Puis, j’ai été engagé chez Unaxis qui a été vendue l’année dernière. J’ai une nouvelle fois fait partie de la charrette avec l’ensemble de la direction.

En sept ans, j’ai ainsi connu trois entreprises, neuf PDG, sept présidents de Conseil d’administration, et j’ai perdu trois fois mon boulot. Si ce n’est pas de la malchance, je me demande ce que c’est…

Aujourd’hui, je dirige mon propre bureau de conseil et de formation.

Interview swissinfo, Matthew Allen à Zürich
(Traduction: Bertrand Baumann)

«Grounding – les derniers jours de Swissair», réalisé par Michael Steiner et produit par Peter-Christian Fueter.
Le film retrace les derniers mois de la compagnie Swissair. Mario Corti, l’ex-chef des finances de Nestlé, avait alors repris les rênes de la compagnie en mars 2001.
Le film retrace les événements qui ont eu lieu, mais certaines scènes sont romancées et plusieurs personnages sont des figures de fiction.
Le duo Steiner/Fueter s’est déjà illustré l’an passé avec le film «Mein Name ist Eugen», qui a reçu le Prix du cinéma suisse du meilleur film de fiction, mercredi, à Soleure.

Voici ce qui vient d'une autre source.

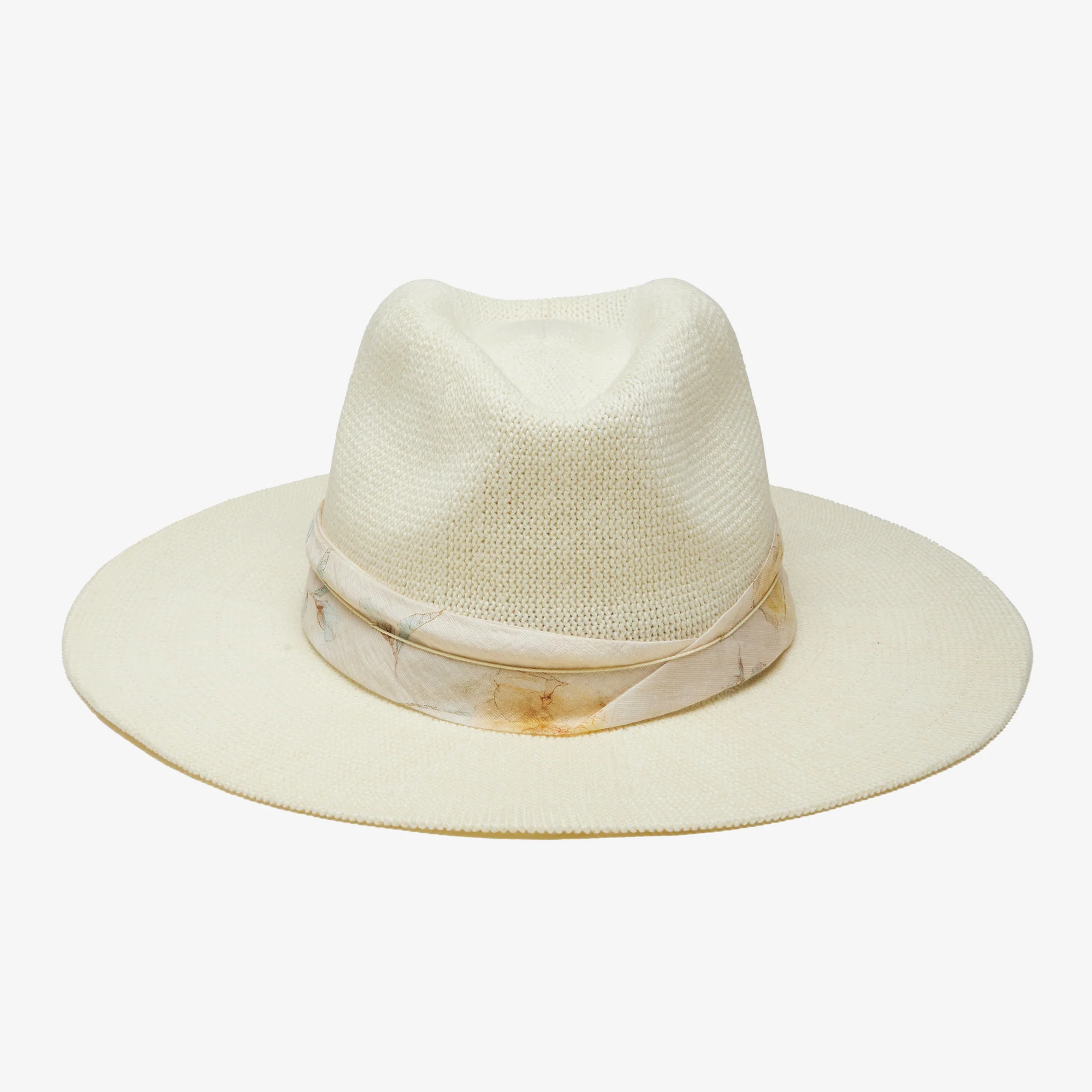 Our Corsica panama is trimmed with a floral print chiffon scarf and frosted beads on twine.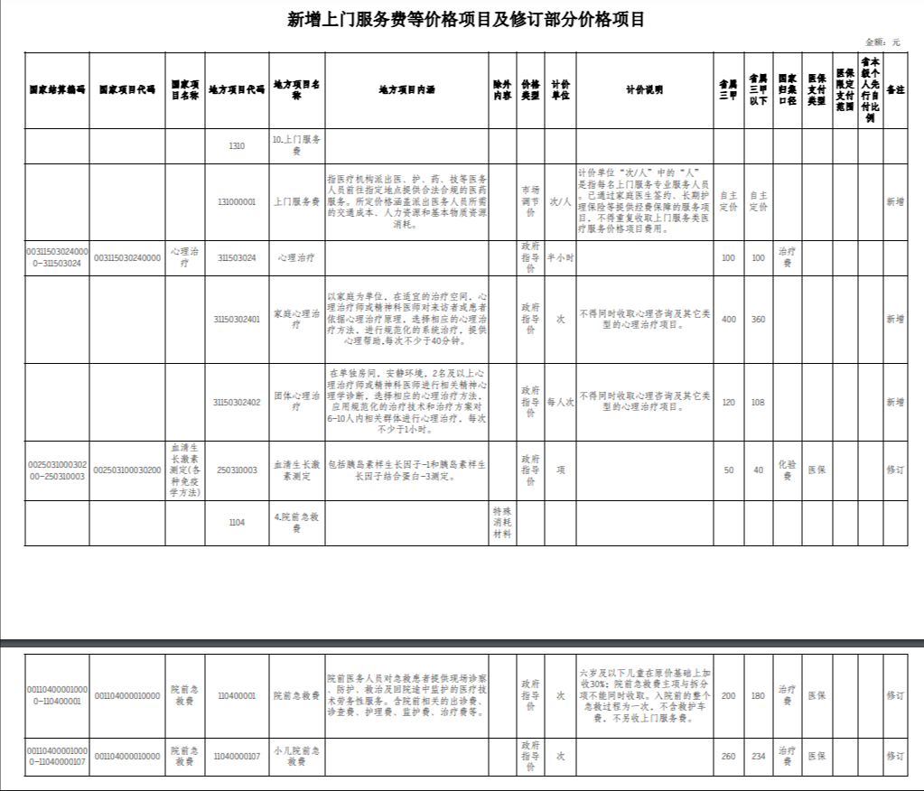為適應(yīng)臨床診療和價(jià)格管理需要,促進(jìn)新技術(shù)新項(xiàng)目臨床運(yùn)用,經(jīng)研究,決定新增上門服務(wù)費(fèi)等醫(yī)療服務(wù)價(jià)格項(xiàng)目,并對部分醫(yī)療服務(wù)價(jià)格項(xiàng)目進(jìn)行修訂。現(xiàn)就有關(guān)事項(xiàng)通知如下:

– Le 2 octobre 2001, 71 ans après la création de la compagnie, les avions de Swissair restent cloués au sol.

– C’est le 1er avril 2002 qu’un appareil de Swissair (en provenance de Buenos Aires) atterrit pour la dernière fois à Zurich. Cela malgré un crédit de 450 millions de francs alloué en 2001 par la Confédération.

– La politique de prise de participations dans de nombreuses autres compagnies déficitaires avec lesquelles elle voulait conclure une alliance sont à l’origine de la chute de Swissair.

– La compagnie Crossair a repris ce qui restait de sa concurrente Swissair pour créer une nouvelle compagnie, «Swiss». Cette dernière a été rachetée en 2005 par Lufthansa.